研究課題
がんの悪性進展において、がん特有の代謝調節の存在やその重要性が示されてきた。しかし、エネルギー代謝調節とがんの未分化性・悪性形質との連関の詳細は不明である。申請者は、悪性脳腫瘍(膠芽腫)モデルと化合物スクリーニングを組み合わせ、mTOR複合体1の活性化が、酸化的リン酸化を介したATP産生亢進作用によって未分化性を維持していることを見出した。また、この過程において得られたmTOR複合体1の活性が高い膠芽腫細胞のスフィア形性能をより効果的に抑制する化合物(候補化合物)は、mTOR複合体1の下流機能であるオートファジーを誘導した。がんにおけるオートファジーの機能はがんの種類や状況によって異なり、がんの促進や治療薬に対する抵抗性に働く場合、逆に、発がん抑制や治療薬に対する感受性に働く場合の両方が報告されている。そこで、我々の膠芽腫の系におけるオートファジーの役割を明らかにするために、患者由来膠芽腫細胞を用いて、オートファジー関連因子ATG5のノックアウト細胞を作製した。ATG5欠損細胞はLC3-IIの形成が起こらず、標準的オートファジー機能の欠損が確認できたが、スフィア形性能、増殖能、マウスにおける腫瘍形成能はコントロール細胞と差異はなかった。また、膠芽腫の治療薬テモゾロミドに対する感受性にも差がなく、オートファジー欠損による影響は見られなかった。しかし、ATG5欠損細胞は候補化合物に対してコントロール細胞より高い感受性を示した。候補化合物は細胞内カルシウム濃度を上昇させ、カルシウムシグナルの阻害によってATG5欠損細胞の感受性が抑制されたことから、オートファジー欠損膠芽腫細胞はカルシウムシグナルの異常な活性化に対し感受性を示すことを明らかにした。
1: 当初の計画以上に進展している
がんにおけるオートファジーの機能はがんの種類や状況によって異なり、がんの促進や治療薬に対する抵抗性に働く場合、逆に、発がん抑制や治療薬に対する感受性に働く場合の両方が報告されている。そのため、オートファジー経路をがん治療に利用するためには、がん細胞の薬剤応答におけるオートファジーの役割とその機構を明らかにする必要がある。我々は、膠芽腫細胞において、オートファジー欠損がカルシウムシグナルの異常を引き起こす薬剤に対する感受性を上昇させることを明らかした。これによりオートファジーと薬剤応答を結びつける機構が明らかになり、オートファジー経路のがん治療への応用を前進させる成果であるため。

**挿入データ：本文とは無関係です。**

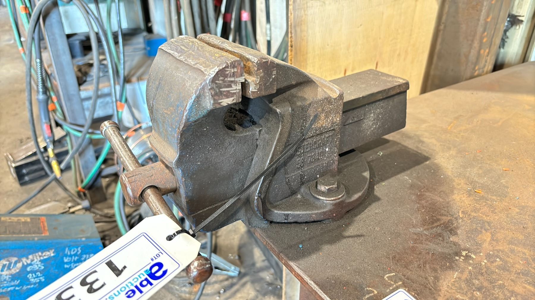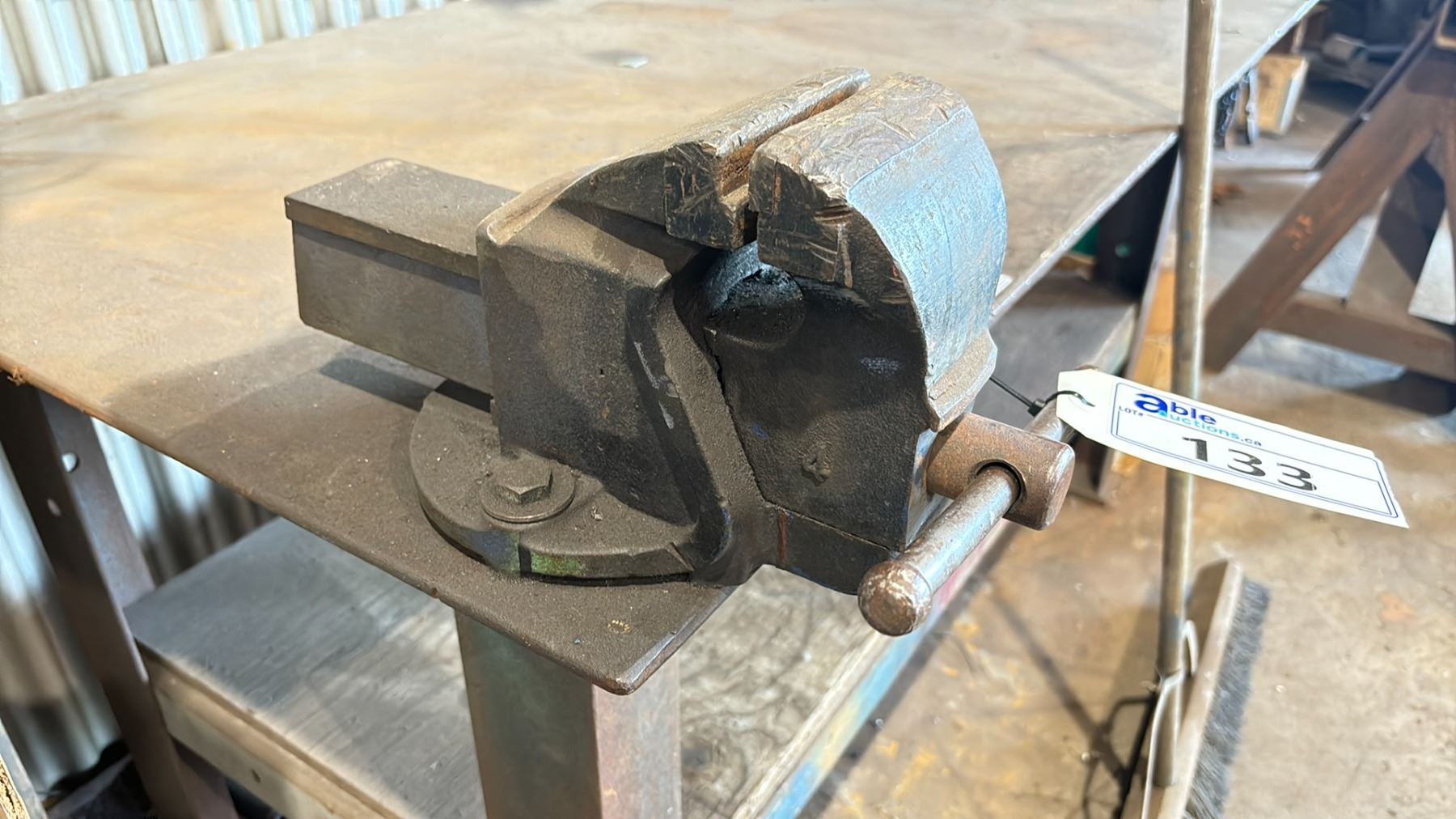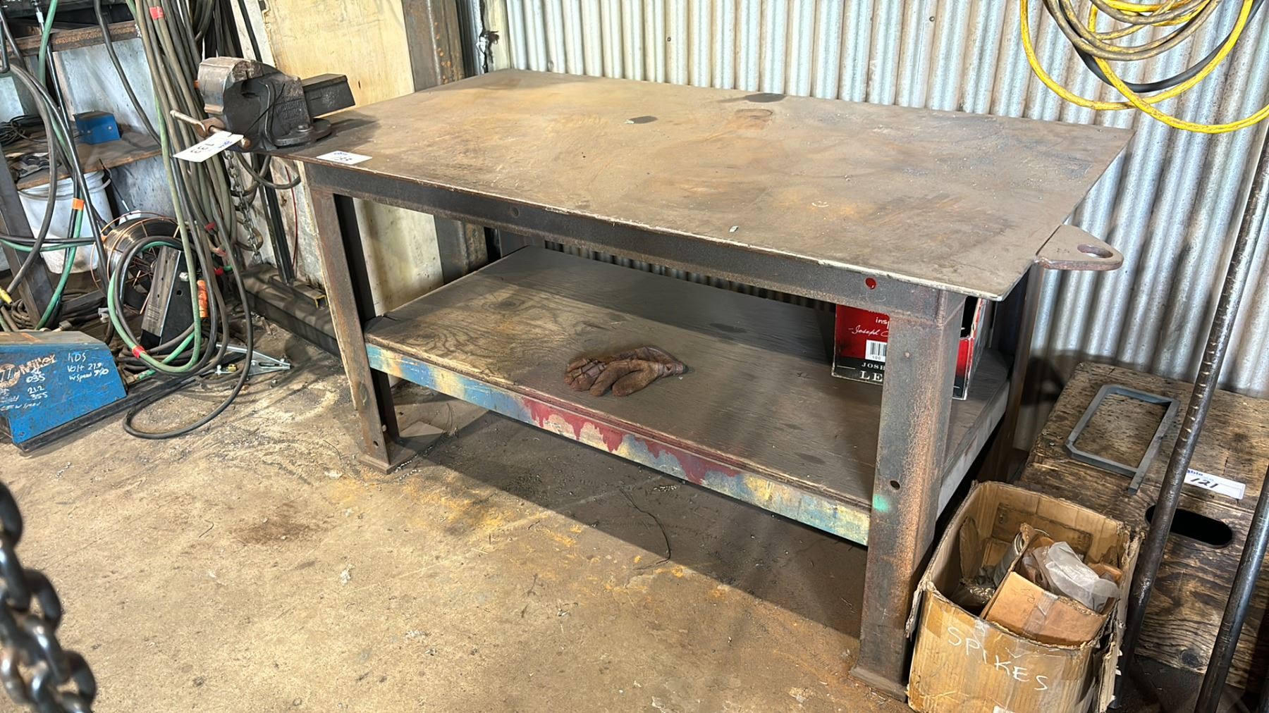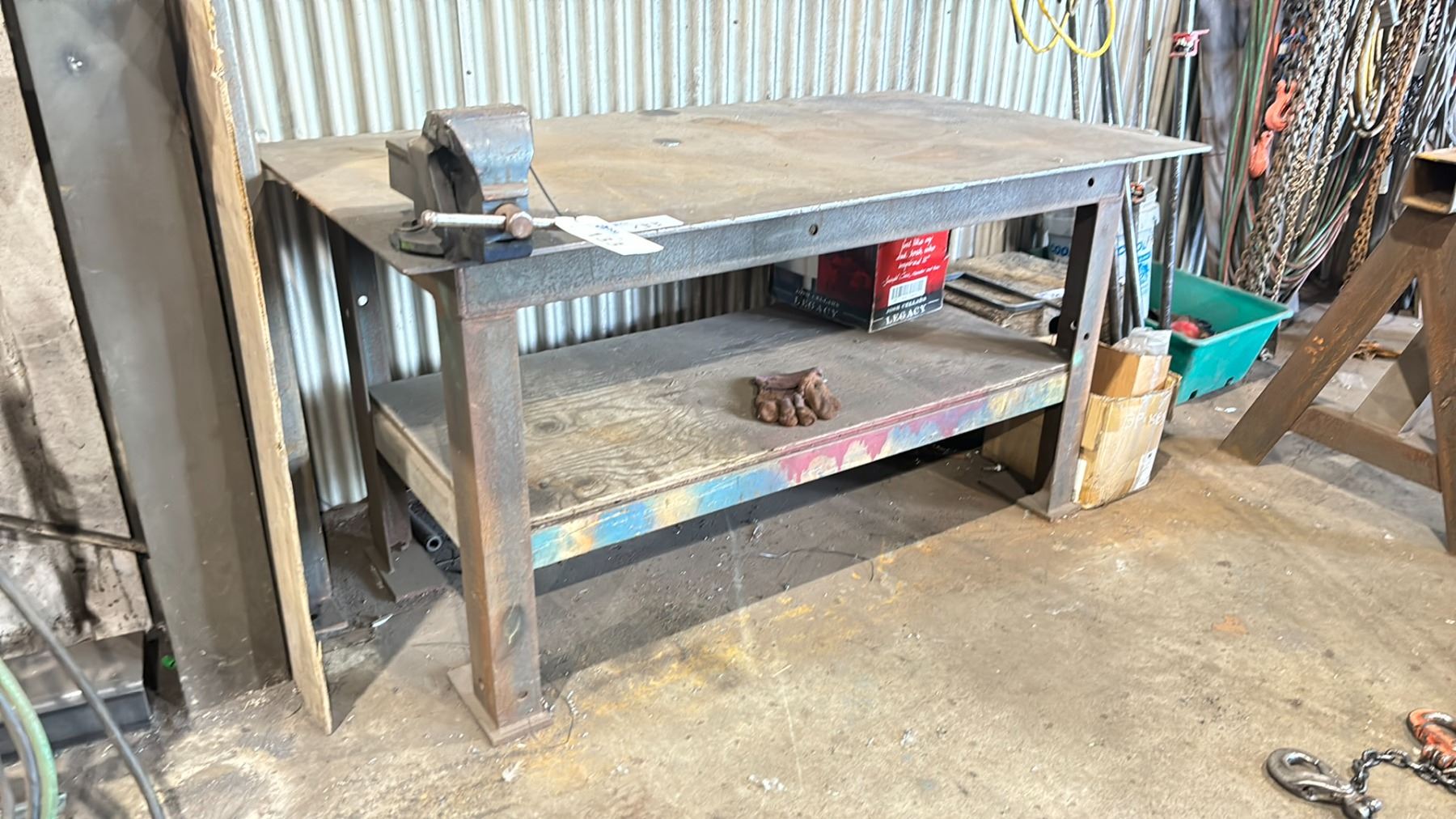 METAL SHOP STEEL WORK TABLE - 1/4" THICK TOP, APPROX 5FT ACROSS X 2.5FT WIDE X 2.5FT HIGH **INCLUDES MASTERCRAFT BENCH VISE**

本研究課題において、これまで、膠芽腫細胞を用いて、オートファジー阻害がカルシウムシグナルの異常を誘導する薬剤に対して感受性を増加させることを明らかにした。カルシウムシグナルは細胞において様々に利用されているため、候補化合物が引き起こすカルシウムシグナルの異常を解析し、感受性に重要なカルシウムシグナル経路を明らかにする。また、オートファジーは代謝制御やミトコンドリアの機能維持に関与している。そのため、オートファジー欠損による代謝異常やミトコンドリアの機能異常を明らかにし、薬剤感受性との関連を解析し、この感受性上昇において必要となる、オートファジー阻害時の状態異常を明らかにする。これらの解析を通して、より効果的な薬剤の組み合わせを検討し、新しい膠芽腫の治療法を探索していく。